Material for this exercise:
______
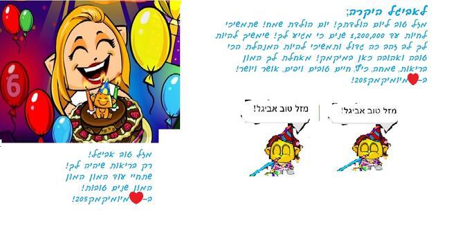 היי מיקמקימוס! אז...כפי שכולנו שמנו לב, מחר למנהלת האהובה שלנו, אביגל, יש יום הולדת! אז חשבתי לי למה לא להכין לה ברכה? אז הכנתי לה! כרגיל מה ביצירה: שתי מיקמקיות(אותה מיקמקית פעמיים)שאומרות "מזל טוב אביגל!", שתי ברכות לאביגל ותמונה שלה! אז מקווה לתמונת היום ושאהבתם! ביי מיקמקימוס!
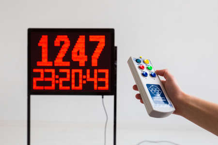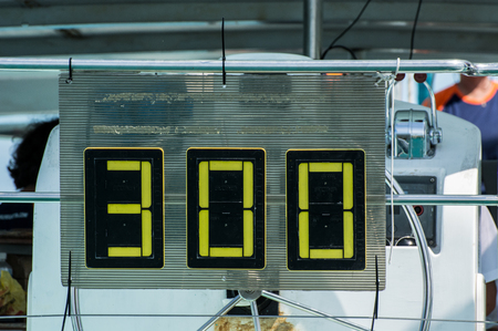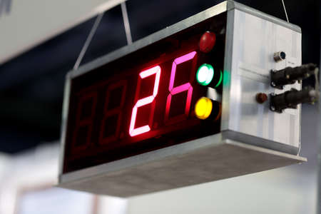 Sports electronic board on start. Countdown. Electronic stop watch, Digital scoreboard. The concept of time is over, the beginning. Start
______
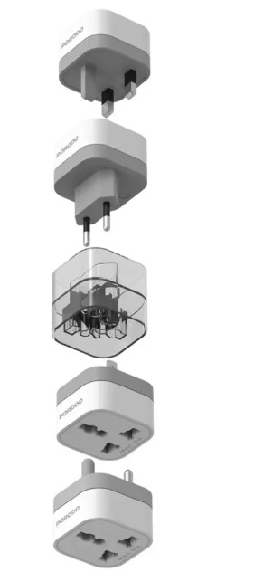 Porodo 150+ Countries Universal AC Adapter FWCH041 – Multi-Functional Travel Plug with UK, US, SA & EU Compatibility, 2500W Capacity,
______
What are the lines in the records above, word for word, from the one containing "היי מיקמקימוס! אז...כפי" through the one containing "Sports electronic board", both ends included and pictures left out?

 היי מיקמקימוס! אז...כפי שכולנו שמנו לב, מחר למנהלת האהובה שלנו, אביגל, יש יום הולדת! אז חשבתי לי למה לא להכין לה ברכה? אז הכנתי לה! כרגיל מה ביצירה: שתי מיקמקיות(אותה מיקמקית פעמיים)שאומרות "מזל טוב אביגל!", שתי ברכות לאביגל ותמונה שלה! אז מקווה לתמונת היום ושאהבתם! ביי מיקמקימוס!
 Sports electronic board on start. Countdown. Electronic stop watch, Digital scoreboard. The concept of time is over, the beginning. Start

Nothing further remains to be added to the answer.